July 28, 2009 at 2:24 pm #3044
Oil Refiner Margins Poised to Rise as Shuttered Plants Increase
By Aaron Clark and Barbara Powell
July 20, 2009 (Bloomberg) — Refiners from Germany to Hawaii are weighing plans to shut or sell plants amid the biggest drop in oil demand in almost three decades.
Petroplus Holdings AG told workers in Teesside, northern England, their jobs are at risk. Royal Dutch Shell Plc may sell or close two plants in Germany and another in Montreal. Total SA will dismantle 25 percent of Frances biggest refinery. Chevron Corp. is reviewing its Hawaii plant. Within five years, about 25 percent of capacity in North America and 30 percent of Europes will be idled, the International Energy Agency says.
Traders are buying contracts that appreciate as the so- called crack spread that reflects the return from breaking crude into gasoline, diesel and heating oil increases. Margins representing profits from making fuel will rise to $10.71 a barrel in July 2012 from $8.97 on July 17, futures prices show.
Survival is all about how competitive your refinery is, said Jacques Rousseau, an energy analyst for Soleil Securities Corp. in Vienna, Virginia. The initial response has been to ratchet back production but the longer you go breaking even or losing money, you have to start considering closures.
Refiners such as Valero Energy Corp. and integrated oil companies including Shell may shut or sell unprofitable plants because fuel demand dropped during the first global recession since World War II. One out of six in the U.S. probably will close by 2020 if U.S. carbon-reduction legislation passes and new, more efficient plants come online in India and China, according to the American Petroleum Institute, a Washington- based group.
U.S. companies are operating below the five-year average of 88.3 percent of capacity as fuel stockpiles swell. U.S. plants ran at 87.8 percent in the week ended July 10, and inventories of distillates were the highest in 24 years, Energy Department data show.
The industry is going to have to go back to running at 80 percent or lower, said Ann Kohler, a New York-based analyst with Caris & Co.
Global margins dropped to $4.98 a barrel in the second quarter compared with $8.25 a year earlier, according to BP Plc data.
In the U.S., the profit from turning three barrels of crude into two of gasoline and one of distillate reached $23.95 on May 17, 2007, a record going back to at least 2000, when crude was at $64.86 a barrel, data compiled by Bloomberg show. When crude reached a record $147.27 a barrel on July 11, 2008, the crack spread had fallen to $11.762, the data show.

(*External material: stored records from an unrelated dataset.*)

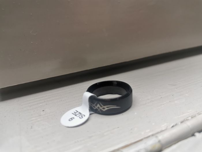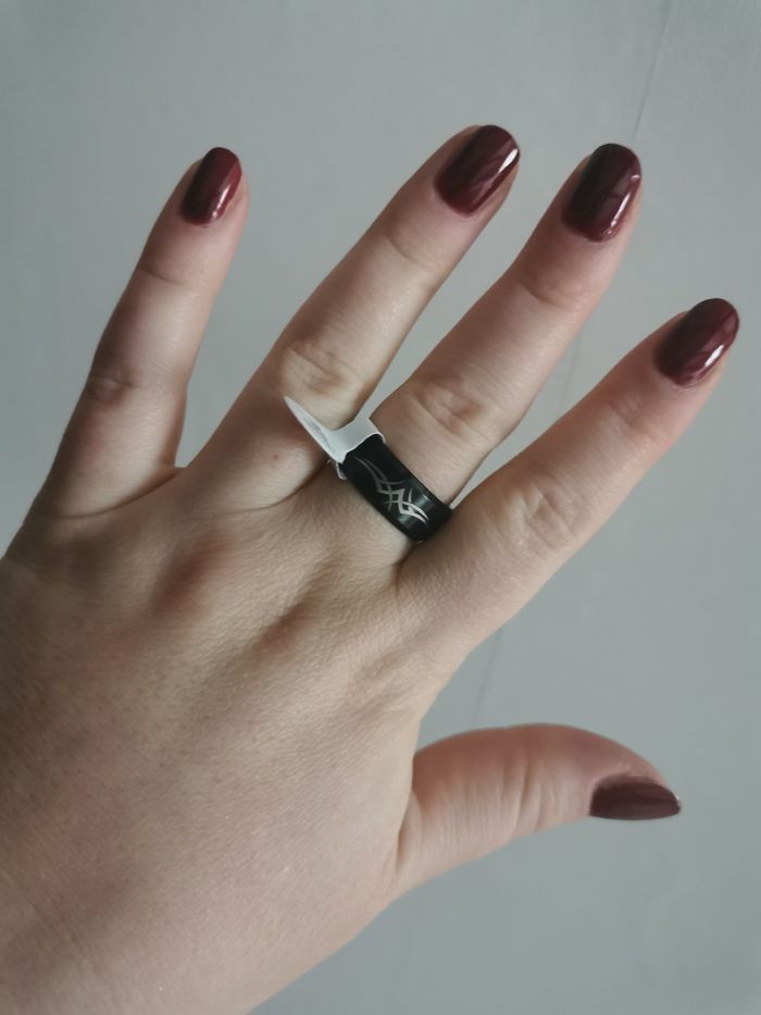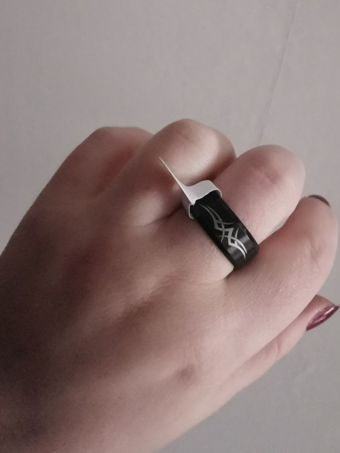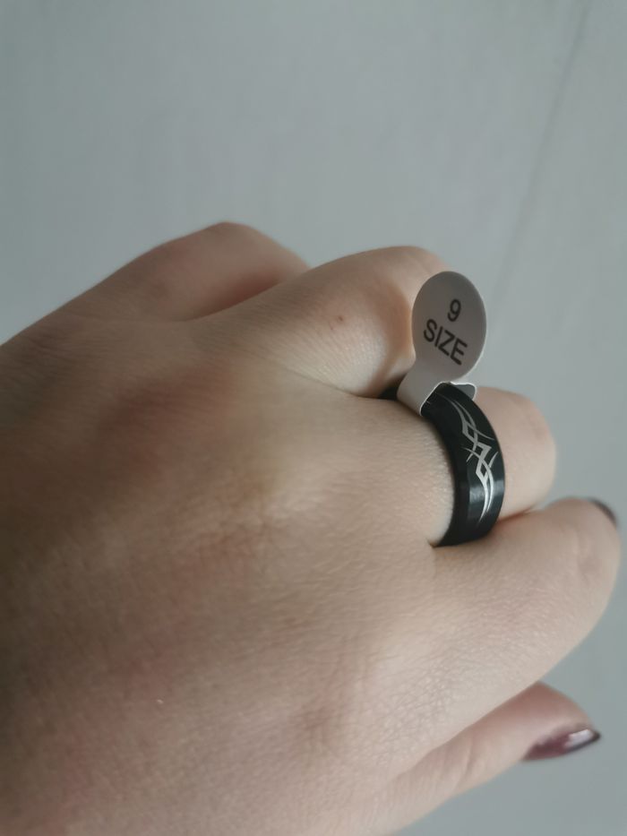 Bague anneau en métal noir motif celtique pour homme. Bague neuf, avec étiquette de taille 9. Dimensions : Hauteur : 8 mm Diamètre : 20 mm Taille : 59,7 (9) - 62 Poids : 8g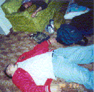 Father Lynch, Bean, D-Lang, Hayes, Brad, and Joe eat breakfast.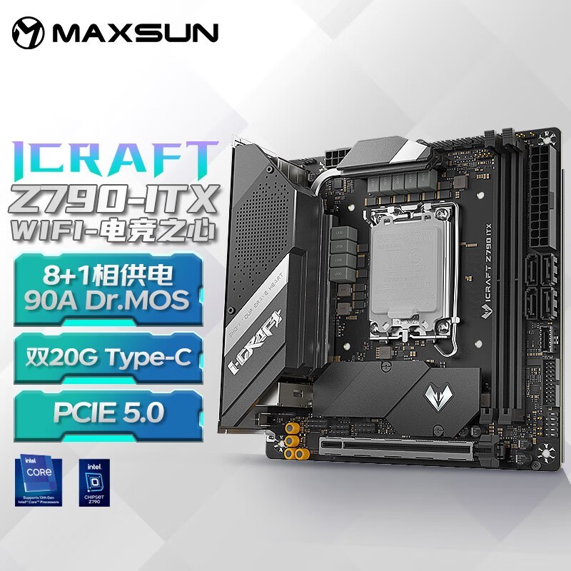 铭瑄 Z790 ITX WIFI DDR5电竞之心迷你主板 支持 CPU13600KF/13700K(Intel Z790/LGA 1700)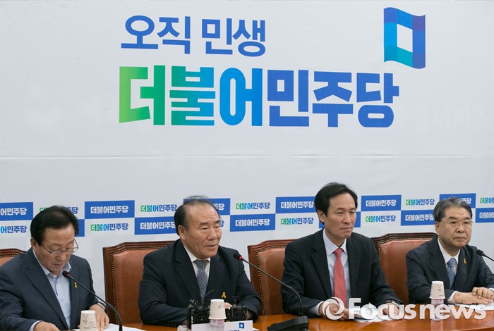 (서울=포커스뉴스) 23일 오후 서울 여의도 국회에서 열린 누리과정 및 지방교육재정 해결 위한 전국시도교육감협의회와 간담회에 참석한 장휘국 전국시도교육감협의회장(광주시교육감)이 인사말을 하고 있다. 왼쪽부터 민병희 강원도교육감, 장 회장, 우상호 더불어민주당 원내대표, 이재정 경기도교육감.

Record Profits <CER notes – remember this is Gross because Net Profits didnt get any Oil companies a place on Fortune 500 Top 50 Net Profit rankings>
Valero, the largest U.S. refiner, had record second-quarter profits of $2.25 billion in 2007 when the industrys spread averaged $20.20 a barrel. Net income was down to $1.15 billion in the third quarter of 2008 when futures showed the margin averaged $13.11, according to data compiled by Bloomberg.
With the gap now lower, Shell, Europes biggest oil company, may shut, sell or convert plants that account for 8.8 percent of its global capacity, or 349,530 barrels a day. The Hague-based company is reviewing the Montreal, Canada, plant, its Hamburg- Harburg and Heide sites in Germany and a 17 percent stake in New Zealand Refining Co., Rainer Winzenried, a spokesman, said in a telephone interview.
Petroplus, based in Zug, Switzerland, said Feb. 5 it would sell the 117,000 barrel-a-day U.K. Teesside refinery or turn it into a terminal for shipment and storage by the end of the year. Total will reduce output at Gonfreville in Normandy by 25 percent to 12 million tons a year, and shut a fluid catalytic cracker, lowering gasoline output by 60 percent.
Chevron, the second-largest fuel producer in the U.S. West, in considering shutting in Hawaii and converting into a terminal. More stringent fuel specifications and growth in global capacity are forcing the company to study its options, said Al Chee, a spokesman.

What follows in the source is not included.